Years ago, of course, she did not like to be told that she looked like Pancho. She wanted to look like her mother, the beautiful fantasy mother made up by a London painter. This sculptor is at least trying to be accurate. Still, why does he need her to sit for this bust—he’s got pictures, many pictures. Pancho was a public man, and he liked being photographed.
“I need to capture the living f-f-force inside the s-s-stone.”
She is taken aback by this simple description. It’s as if one of her less-talented students had surprised her with a highly original answer. She rebukes herself for taking this man so lightly.
“It would only be a s-s-session or two. My studio is . . . close. Would you consent?” His stutter is becoming less pronounced. Maybe it gets worse when he is nervous, and he has begun to relax with her. Even so, each time he opens his mouth, she tenses up, holding her breath, as if that might help him. He is a lucky man, she thinks. I’ll do anything he asks just to spare him having to convince me.

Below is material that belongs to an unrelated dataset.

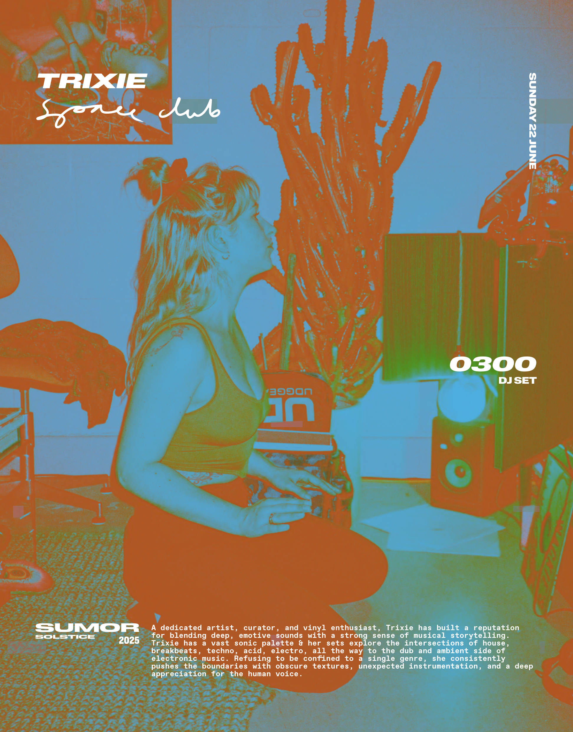 A dedicated artist, curator, and vinyl enthusiast, Trixie has built a reputation for blending deep, emotive sounds with a strong sense of musical storytelling. Trixie has a vast sonic palette & her sets explore the intersections of house, breakbeats, techno, acid, electro, all the way to the dub and ambient side of electronic music. Refusing to be confined to a single genre, she consistently pushes the boundaries with obscure textures, unexpected instrumentation, and a deep appreciation for the human voice.

“You may count on me,” she says, turning to go. The words have popped out, unbidden! Her mother’s first words to her father. How very strange.
As she joins her ladies, she realizes her hands are perspiring. The back of her neck is wet. Perhaps the effort of helping the sculptor talk has worn her out. Her mind wanders while she works. She finds herself picturing the man she has just met, his powerful presence, itself like a form carved roughly out of stone. The fantasy is so vivid that when she looks down at her placard, she realizes she has written his name DOMINGO in large, black capital letters.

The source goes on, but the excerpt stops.